* _DATASET CONTENT_:
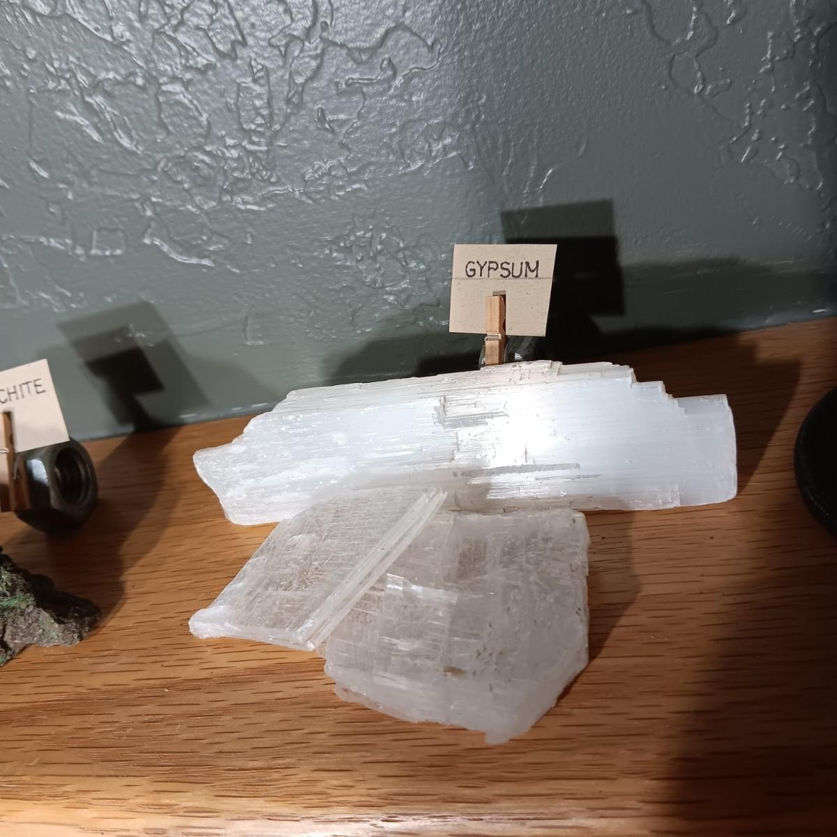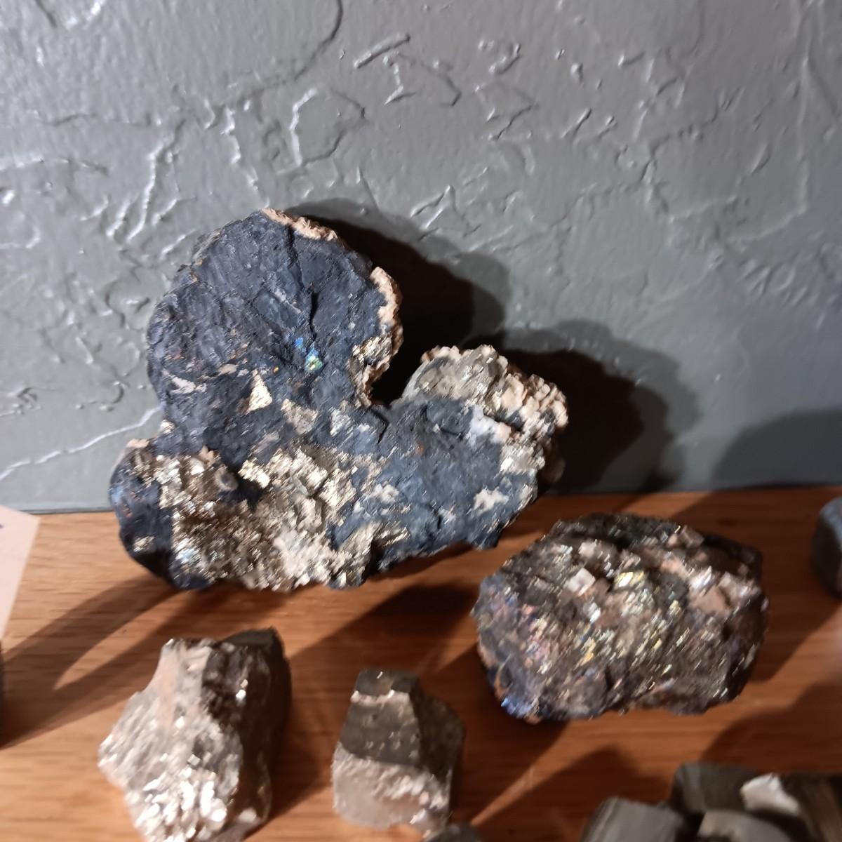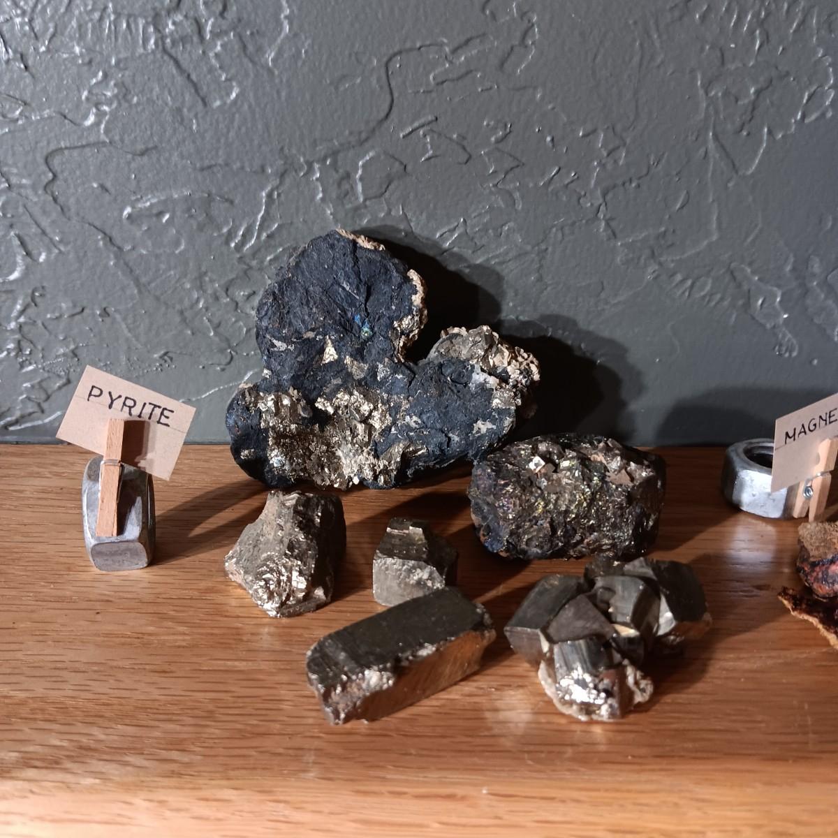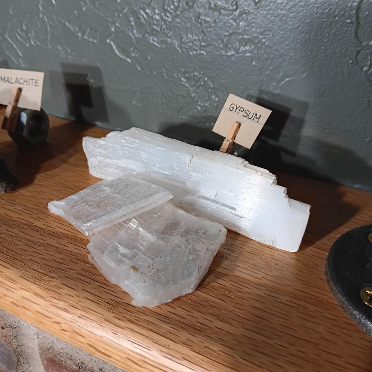 ROCKS FROM A COLLECTION LABELED GYPSUM, MALACHITE, MAGNETITE & PYRITE
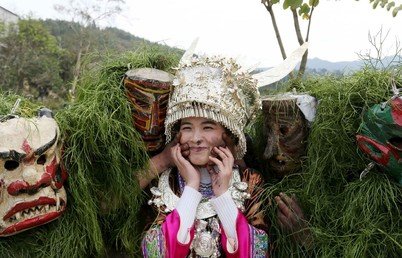 Hombres de la etnia miao con máscaras tradicionales llevan a cabo un ritual para traerle suerte a una mujer, el 16 de febrero durante la celebración local del año nuevo lunar en la región autónoma de Guangxi, China. Reuters
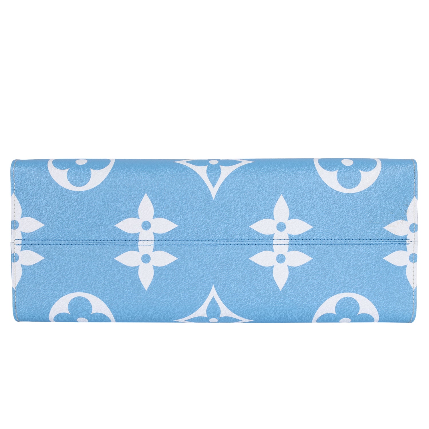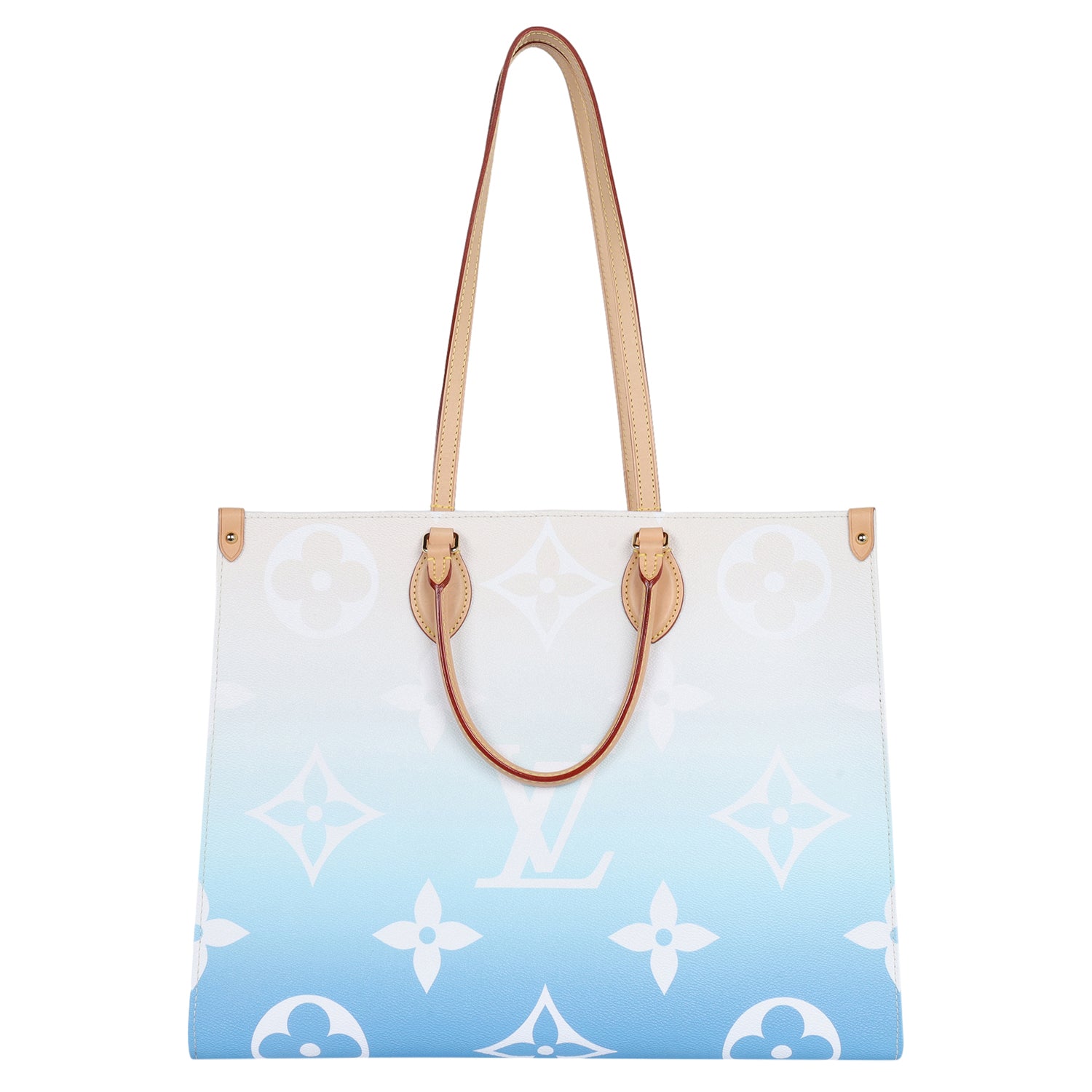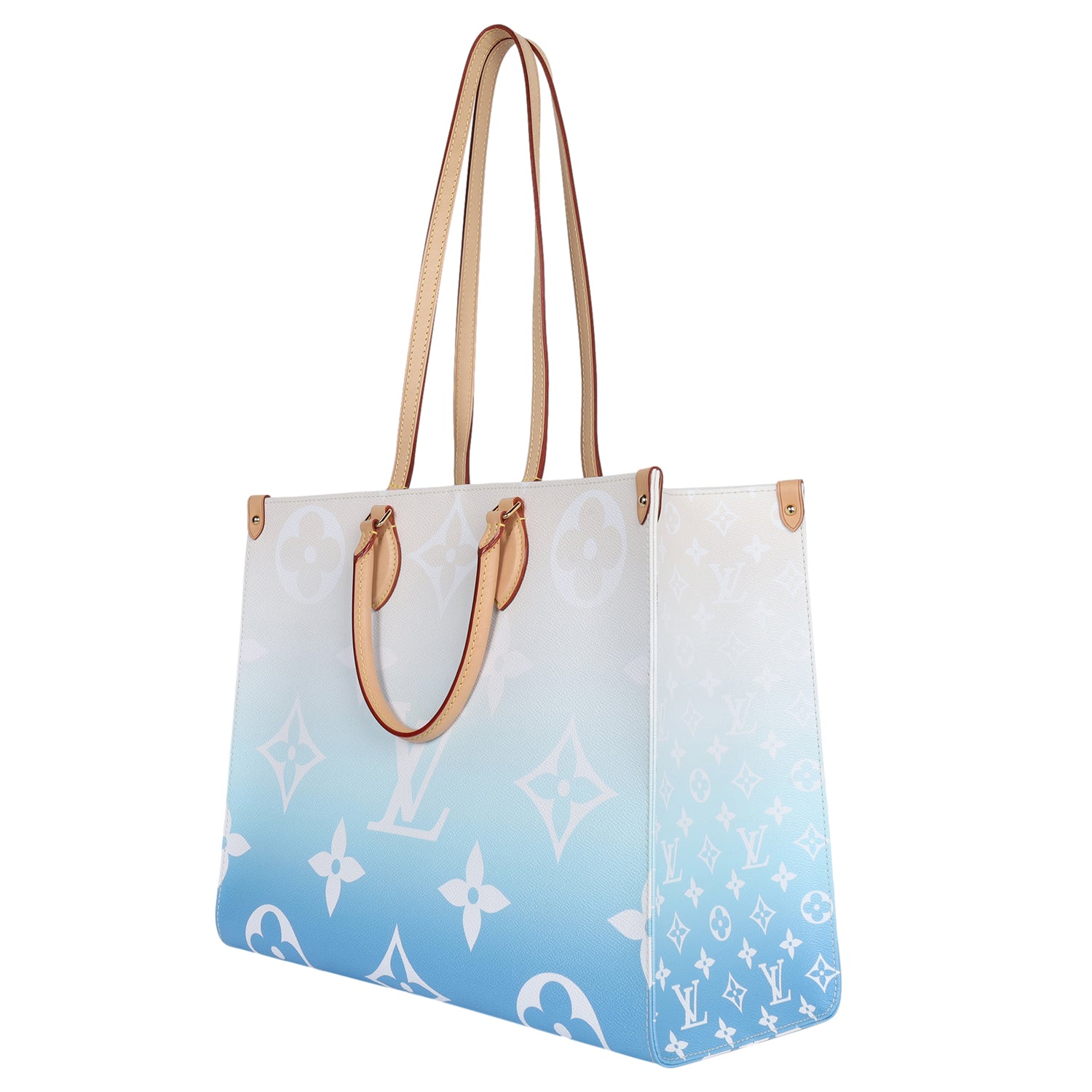 Authentic Louis Vuitton Monogram Giant By The Pool Onthego GM tote shoulder bag. This bag from Louis Vuitton is very similar to the Neverfull GM with a bit more structure and easier to carry. "The name says it all: Onthego takes care of business or shopping, with plenty of room for a busy woman's essentials. With classic blue and beige monogram leather, twin top handles and two shoulder straps, textile interior lining, gold hardware, flat interior zipped pocket, flat slip pockets, and rolled handles. You're going to love this bag. It is perfect for your cell phone, cosmetics, keys, wallet, laptop, Ipad, and so much more.
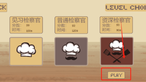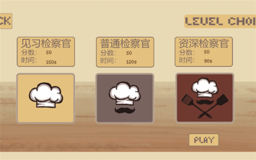 1、作为检察官,随意的查看各种不同的美食,所有美食都需要符合卫生标准。

* _YOUR TASK_:
Omit the pictures and repeat the rest of the listing verbatim.

* _TASK OUTPUT_:
 ROCKS FROM A COLLECTION LABELED GYPSUM, MALACHITE, MAGNETITE & PYRITE
 Hombres de la etnia miao con máscaras tradicionales llevan a cabo un ritual para traerle suerte a una mujer, el 16 de febrero durante la celebración local del año nuevo lunar en la región autónoma de Guangxi, China. Reuters
 Authentic Louis Vuitton Monogram Giant By The Pool Onthego GM tote shoulder bag. This bag from Louis Vuitton is very similar to the Neverfull GM with a bit more structure and easier to carry. "The name says it all: Onthego takes care of business or shopping, with plenty of room for a busy woman's essentials. With classic blue and beige monogram leather, twin top handles and two shoulder straps, textile interior lining, gold hardware, flat interior zipped pocket, flat slip pockets, and rolled handles. You're going to love this bag. It is perfect for your cell phone, cosmetics, keys, wallet, laptop, Ipad, and so much more.
 1、作为检察官,随意的查看各种不同的美食,所有美食都需要符合卫生标准。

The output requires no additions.